Please note: Any medical or genetic information present in this entry is not intended as a diagnosis of your problem, but rather is provided as a helpful guide for research, educational and informational purposes only. It is not in any way intended to be used as a substitute for professional medical advice, diagnosis, treatment or care. Information is not necessarily complete. Please see your doctor for diagnosis and treatment.

Please note: DNAtraffic database is the project under construction and information on this page is not finished yet.

Aciclovir


ACCESSION NB: DB00787 (APRD00567, EXPT00406)


TYPE: small molecule


GROUP: approved


DESCRIPTION:
A guanosine analog that acts as an antimetabolite. Viruses are especially susceptible. Used especially against herpes. [PubChem]

VOLUME OF DISTRIBUTION: Not Available

CATEGORIES:
Antiviral Agents Nucleosides and Nucleotides

ABSORPTION: Oral: bioavailability 10 to 20%

INDICATION:
For the treatment and management of herpes zoster (shingles), genital herpes, and chickenpox

PHARMACODYNAMICS:
Aciclovir (INN) or acyclovir (USAN, former BAN) is a synthetic deoxyguanosine analog and it is the prototype antiviral agent that is activated by viral thymidine kinase. The selective activity of aciclovir is due to its affinity for the thymidine kinase enzyme encoded by HSV and VZV.

MECHANISM OF ACTION:
Viral (HSV-1, HSV-2 and VZV) thymidine kinase converts aciclovir to the aciclovir monophosphate, which is then converted to the diphosphate by cellular guanylate kinase, and finally to the triphosphate by phosphoglycerate kinase, phosphoenolpyruvate carboxykinase, and pyruvate kinase.
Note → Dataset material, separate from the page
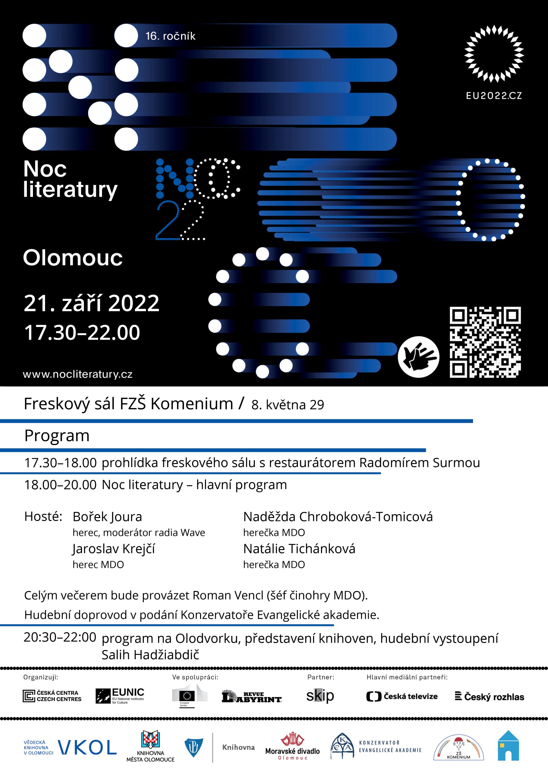 Letošní ročník festivalu proběhne ve středu 21. září 2022 od 17.30 hod. Na organizaci se podílí tři olomoucké knihovny – Vědecká knihovna v Olomouci, Knihovna města Olomouce a Knihovna Univerzity Palackého. Dalšími partnery večera jsou Moravské divadlo Olomouc, FZŠ Komenium, Olodvorek a Konzervatoř Evangelické akademie. Mediálním partnerem je tradičně Český rozhlas Olomouc Návštěvníci se letos mohou kromě ukázek ze soudobé evropské literatury v podání hereckých osobností opět těšit na hudební program a nově i komentovanou prohlídku freskového sálu. Večer bude po skončení oficiální části pokračovat neformálně hudebním vystoupením na Olodvorku. Plakát ke stažení zde

Aciclovir triphosphate competitively inhibits viral DNA polymerase and competes with the natural deoxyguanosine triphosphate, for incorporation into viral DNA. Once incorporated, aciclovir triphosphate inhibits DNA synthesis by acting as a chain terminator.

PROTEIN BINDING:
9%-33%

METABOLISM:
Hepatic, the only major urinary metabolite that has been detected is 9-carboxymethoxymethylguanine.

TOXICITY:
Aciclovir may cause nephrotoxicity (crystallization of aciclovir within renal tubules, elevation of serum creatinine, transient), and neurotoxicity (coma, hallucinations, lethargy, seizures, tremors). Nephrotoxicity and neurotoxicity usually resolve after cessation of aciclovir therapy. However, there is no well-defined relationship between aciclovir concentrations in the blood and these adverse effects.